La película termina, como no podía ser de otra manera, juntando los extremos de una especie de cinta de Moebius. La futura Leia Organa y su hermanito, el insustancial de Luke, son confiados a unos padres putativos hasta que se cumpla su glorioso destino. Dicha trayectoria vital viene predeterminada por la elevada concentración de midiclorianos en su organismo, igualito que la de su padre. Mejor dicho, de su «Vader». Me pregunto cuándo nos ofrecerán cereales de desayuno con midiclorianos. El «merchandising» de la serie ya nos ha vendido cosas extraordinarias. Por cierto, ¿usted ha oído hablar de las «Aguas de la Vida» de los Fremen?

Y ahora le cocinaré un postre a base de la «especialidad de la casa», comparando «Star Wars» con las obras de Tolkien. Se ha repetido hasta la saciedad que hay vínculos entre las dos cosas. Luis Miguel Rebollar Flecha ya se hizo eco del clamor en el número uno de «Halifirien», publicado en 1988. Naturalmente, dicha relación es unidireccional. Tal vez Mr. Lucas haya leído «El Señor de los Anillos», pero al Profesor no le hubieran interesado ni poco ni mucho unas películas cuya aplicabilidad se puede escribir entera en una cuartilla. Si hace usted la letra pequeña, en el dorso de un sello de correos medianito. Así que despacharé el tema diciendo cuatro cosas obvias.

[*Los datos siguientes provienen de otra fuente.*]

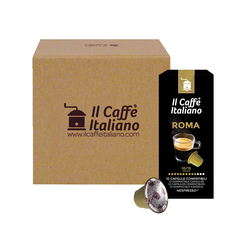 Rzym to jedno z miast stanowiących wizytówkę Włoch. Jest kojarzony przede wszystkim z antycznymi zabytkami, takimi jak Kaplica Sykstyńska czy Bazylika św. Piotra. Po intensywnym zwiedzaniu dobrze jest sięgnąć po wyśmienitą kawę, na przykład Romę. Mieszanka ziaren została zamknięta w kapsułkach kompatybilnych z systemem Nespresso®. Można z nich przygotować zarówno tradycyjne, włoskie espresso, jak i łagodniejsze w smaku lungo. Roma ma łagodny aromat i smak z nutami drewna, orzechów laskowych oraz czekolady. Kawa w kapsułkach ROMA to zrównoważona kompozycja średnio palonych ziaren kawy. Roma ma złożony i długo utrzymujący się słodki smak o nutach drewna, orzechów laskowych i czekolady.

De pequeño, Anakin se parece a Frodo. De joven quiere ser Aragorn, pero deriva a Boromir. Y termina haciendo de Gollum, encartuchado en el uniforme de las SS.

Palpatine es un plagio tan descarado de Sauron que los herederos de Tolkien deberían demandar a los guionistas de Mr. Lucas. Darth Sidious es Sauron en Númenor, y sus lamentables diálogos con Anakin están fotocopiados de las historietas que le coloca al pobre Ar-Pharazôn. Eso sí, le han aguado tanto el vino que cuesta reconocerlo.

Han Solo tampoco es Aragorn: es Harrison Ford haciendo de Harrison Ford, igual que Indiana Jones es Harrison Ford haciendo de Harrison Ford. Generalmente da el pego, pero basta recordar cómo lo echa de la pantalla Sean Connery en aquella bazofia que hizo Spielberg sobre el Santo Grial para verlo en su verdadera dimensión. En esta serie pasa lo mismo. Cada vez que sale un actor de verdad eclipsa a todos los secundarios que los azares del «casting» han puesto en primer plano. Los ejemplos son obvios: Alec Guinness, Peter Cushing o Christopher Lee.

Otros ejemplos de esa jibarización generalizada serían el Balrog y el rancor, que son respectivamente una encarnación del Mal metafísico y una especie de mascota con bastante mala leche… como un «gremlin» gigante. Y qué me dice usted de la Galadriel del libro junto a Padmé-Amidala, o de Arwen Evenstar al lado de Leia Organa. Es como aquella película en que la chica termina casándose con el caballo, y tienen elefantitos. La prueba definitiva del asunto llega cuando compara usted a Yoda con Gandalf. Incluso con el de Mr. Jackson, que ya está bastante lavado a la piedra…

En fin… He pasado buenos ratos en el cine, admirando los frutos del innegable ingenio visual de Mr. Lucas. Pero no resiste la comparación con Tolkien. Ni siquiera con lo que ha quedado después de las intervenciones de los guionistas de Mr. Jackson, que ya es decir. En mi opinión, lo más memorable de «Star Wars», lo que todos recordaremos siempre, es la música de John Williams. Y será, con toda justicia, la marcha de los Malos.